Il faut dire que le film raconte l’histoire de Leïla, une jeune orpheline qui vit dans une oasis, près de Segara. Le chef  de la tribu prend en charge son éducation. Elle tombe amoureuse d’Ahmed  dont elle portera un bébé illégitime. Mais Ahmed part aux Etats-Unis avec une touriste, livrant Leïla et son bébé à la colère de la tribu qui expulse la jeune fille abusée. Leïla est ensuite renversée par une voiture dont le chauffeur la soigne. Elle l’épousera après avoir mis au monde cet enfant, fruit d’une relation illégitime.
Aziza Amir traitait dans  ses films des thèmes sociaux qui insistent souvent sur les disparités entre classes sociales, avec une défense claire de la couche la moins favorisée.

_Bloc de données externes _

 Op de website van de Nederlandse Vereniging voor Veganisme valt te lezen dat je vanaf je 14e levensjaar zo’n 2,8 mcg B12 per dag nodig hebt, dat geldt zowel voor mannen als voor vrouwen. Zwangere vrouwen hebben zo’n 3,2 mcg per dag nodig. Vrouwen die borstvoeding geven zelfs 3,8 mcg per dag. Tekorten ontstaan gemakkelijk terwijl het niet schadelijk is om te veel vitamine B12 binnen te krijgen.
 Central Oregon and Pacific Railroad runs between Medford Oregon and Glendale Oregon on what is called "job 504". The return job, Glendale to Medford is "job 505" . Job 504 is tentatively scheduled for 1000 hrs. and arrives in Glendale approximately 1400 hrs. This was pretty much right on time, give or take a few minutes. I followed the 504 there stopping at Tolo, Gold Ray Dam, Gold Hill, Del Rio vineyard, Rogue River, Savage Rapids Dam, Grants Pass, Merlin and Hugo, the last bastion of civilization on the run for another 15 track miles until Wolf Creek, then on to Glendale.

Dans Al Wercha (L’atelier), elle analyse les mille et un soucis des travailleurs. Dans Ibnati (ma fille), ce sont les problèmes de l’enfance et l’instinct de la maternité qui se trouvent mis en exergue. Dans le film Al flouss (l’argent), c’est la course à l’enrichissement qui sert de toile de fond.

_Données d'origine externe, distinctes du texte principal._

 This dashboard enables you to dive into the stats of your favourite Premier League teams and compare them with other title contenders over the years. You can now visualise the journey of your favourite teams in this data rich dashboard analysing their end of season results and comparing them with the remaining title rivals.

La science fiction a sa part dans Vadi ennoujoum (La baie des étoiles). La cause palestinienne a également requis toute sont attention dans deux longs métrages. Faten min filastine tourné en 1948 avec Mahmoud Dulficar et Souad Mohamed, et Nadia réalisé en 1949 avec Aziza Amir, Chadia et Mahmoud Dulficar.

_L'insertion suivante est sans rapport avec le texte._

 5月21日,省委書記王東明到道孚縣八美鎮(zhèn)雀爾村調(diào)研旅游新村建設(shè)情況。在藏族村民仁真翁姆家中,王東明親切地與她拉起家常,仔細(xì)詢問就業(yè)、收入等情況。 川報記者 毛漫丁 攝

Genre film musical, Aziza Amir produit Chamaâ tahtariq (une chandelle se consume), Aleïlou lana (A nous, la nuit), Khadaani abi (Mon père m’a trompé).
Le film Taquiatou el ikhfaa a connu un grand succés en raison des innombrables astuces cinématographiques qu’il recèle.

Filmographie

Aziza Amir nous a quittés le 28 février 1952 après une longue carrière allant du film Leïla en 1927, où elle  joua et a été productrice tout en participant à la rédaction du scénario et au montage aux côtés de Oustiphane Rousty, jusqu’à Amintou Bellah (Je crois en Dieu) en 1952 qu’elle a produit tout en y jouant.
Voici la liste de ses films les plus importants :
- Leïla 1927, Bent Ennil 1929, Kaffini an khatiatiki 1933, Bissalamtou awez yitgawez 1936,Bayaatou attofah 1939, Al wercha 1940, Leïlat al farah 1943, Wadi annoujoum 1943, Takiet el ikhfaa 1944, Al flouss 1945, Nadia, Alaïlou lana 1949, Kesma wa nassib 1950, Khadaani abi 1951, Amintou Bellah 1952.  
Aziza Amir aura donc présenté 25 films, mais, surtout, produit, écrit et «monté» plusieurs longs métrages.
On garde le souvenir d’une cinéaste complète et une pionnière du mélodrame égyptien.
Aziza Amri a vécu 51 ans, dont un quart de siècle au service des arts, notamment du cinéma dont elle restera à jamais une figure de proue, ne serait-ce que parce que elle avait produit et interprété le premier long métrage de l’histoire du cinéma égyptien — Leïla.